Жанр: Современная русская литература, Современная проза


Возрастные ограничения: +18

сообщить о неприемлемом содержимом

Текущая страница: 8 (всего у книги 14 страниц)

Шрифт:
- 100% +

23

Для оформления бумаг на усыновление Ивану Ивановичу требовалась характеристика с места работы. Дать её мог парторг, заверить – кто-то из вышестоящих партийных деятелей. Узнав, с чем связана срочность, Печёнкин предложил завтра же идти прямиком к председателю Люберецкого обкома партии. Орлов попросил Горобову потерпеть без него ещё день, и удивился, когда она улыбнулась в ответ. Отсутствие парторга подтолкнуло Наталью Сергеевну назначить на завтра срочный педсовет и попросить Гершвину оповестить о нём всех, кто принимает экзамены.

На следующее утро Горобова рассказала коллегам про выкрутасы «единички» на анатомии и предупредила, что раз информация о происшествии каким-то образом просочилась к парторгу, всем им следует играть на опережение, не дожидаясь скандала.

– Товарищи, в этом ЧП замешана жена Ивана Ивановича. Не желая того, Валентина Геннадьевна оказалась виновной в случившемся. Но, с другой стороны, мы имеем дело с массовым подлогом. И как наказывать этих слабаков из элитной группы, я, честно скажу, не знаю, – Горобова явно просила о помощи. Новость была и сенсационной, и пугающей. Каждый понимал, что Печёнкин может любого стереть в порошок. Усилиями представителей КПСС убирали с постов даже Первых секретарей компартий республик. «Хлопковое дело» – уголовные расследования экономических и коррупционных злоупотреблений в Узбекистане в конце семидесятых-начале восьмидесятых годов – закончилось и массовыми арестами, и длительными сроками для фигурантов. Печёнкин вполне мог обставить дело, как сговор верхушки вуза, связанный с очковтирательством и приписками. И тогда глобальной проверки от Министерства по высшему образованию МОГИФКу не избежать. А если они начнут трясти, то докопаются до мелочи. Тогда как в других институтах студенты допускались к сессии только при всех сданных зачётах, а прогульщиков активно наказывали, в физкультурных вузах всячески помогали учиться тем, кто, защищая честь страны, не мог приходить в институт, а зачёт по гимнастике первого курса один из студентов сдал Гофману будучи уже выпускником. Других аномалий тоже хватало. Только в институте физкультуры социально незащищённые студенты могли претендовать на стипендию даже с тремя тройками в сессии. Да, им платили не сорок пять рублей, как всем, а тридцать, но ведь платили! Тут струсил даже привычный единомышленник парторга Гофман: начнись министерский шмон, и кто знает, как отнесутся чиновники от образования к его методам работы.

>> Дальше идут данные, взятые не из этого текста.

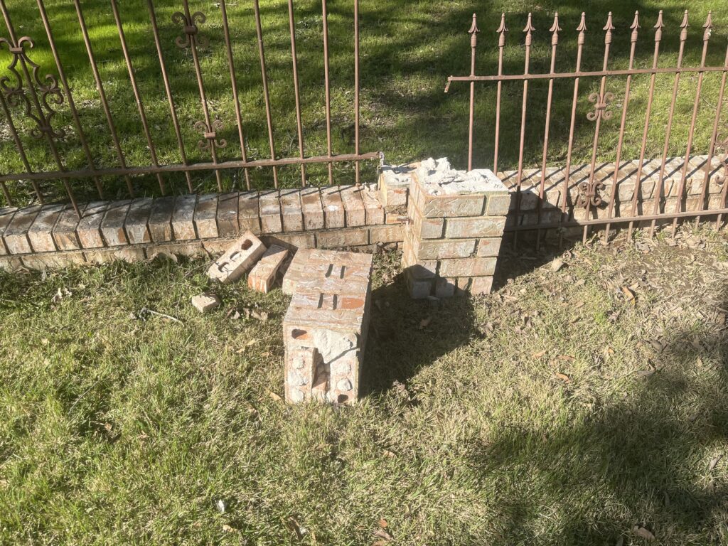 This old brick column had been knocked down, and lost some structural integrity. We put some new ties in, and piece by piece we rebuilt it!!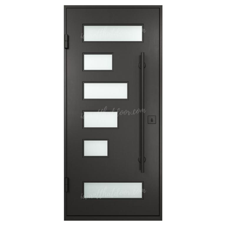 | PACO RH Wrought Iron Door 37 X 81 RIGHT HAND INSWING FLAT BLACK Color SANDBLAST Glass STEEL Material PULL HANDLE #038 SQUARE DEADBOLT SINGLE SQUARE TOP Modern, Contemporary Style solid, Residential, Commercial (Pull Handles and Locks are price separately) | |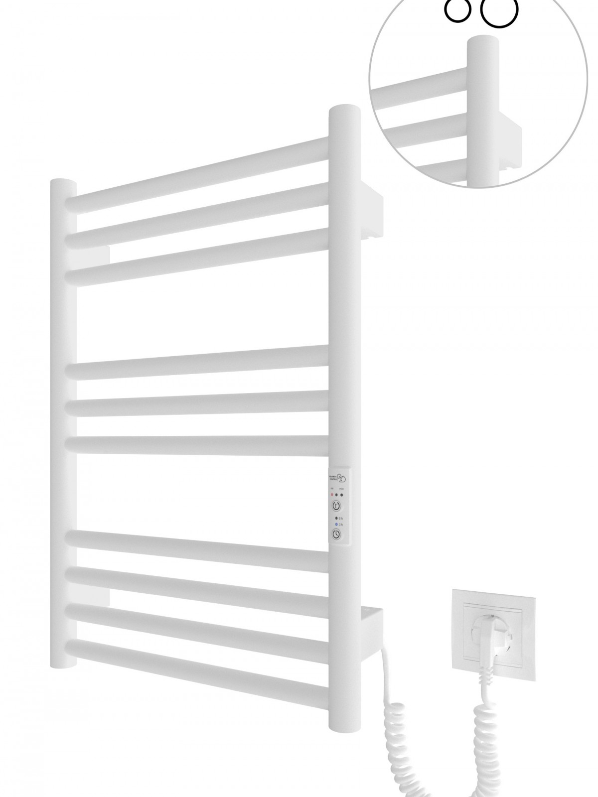 Працює за технологією сухого ТЕНу. Обладнана вбудованим таймер-регулятором і конектором для підключення до живлення з будь-якого боку. Оснащена комплектом для прихованого підключення.

От общего молчания воздух в кабинете декана звенел. Так бывает, когда вынырнешь из глубины, и какое-то время в голове стоит странный шум. Преподаватели переглядывались, не решаясь комментировать слова Горобовой. Она сидела, беспомощно скрестив кисти на столе. Павел Константинович Лысков избегал сверлящего взгляда Удалова. Доктор медицинских наук от растерянности тёр очки краем шторы на окне. Лыжник Джанкоев, кандидат педагогических наук, автор учебника по кино-фото-делу Панас Михайлович Бражник, Елена Ивановна Рыбникова, пионер преподавания лечебной физической культуры в институтах, Рудольф Александрович Бережной, соавтор многих пособий по тренировке бегунов на длинные дистанции, Николай Николаевич Русанов, тренер национальной паралимпийской сборной по плаванию и ещё несколько важных и заслуженных людей не могли найти нужных слов. Руку осторожно подняла Кочубей. Горобова, мгновенно отреагировав на это шевеление, радостно кивнула:

– Слушаю вас, Людмила Ивановна.

Преподаватель философии встала и поправила новую причёску.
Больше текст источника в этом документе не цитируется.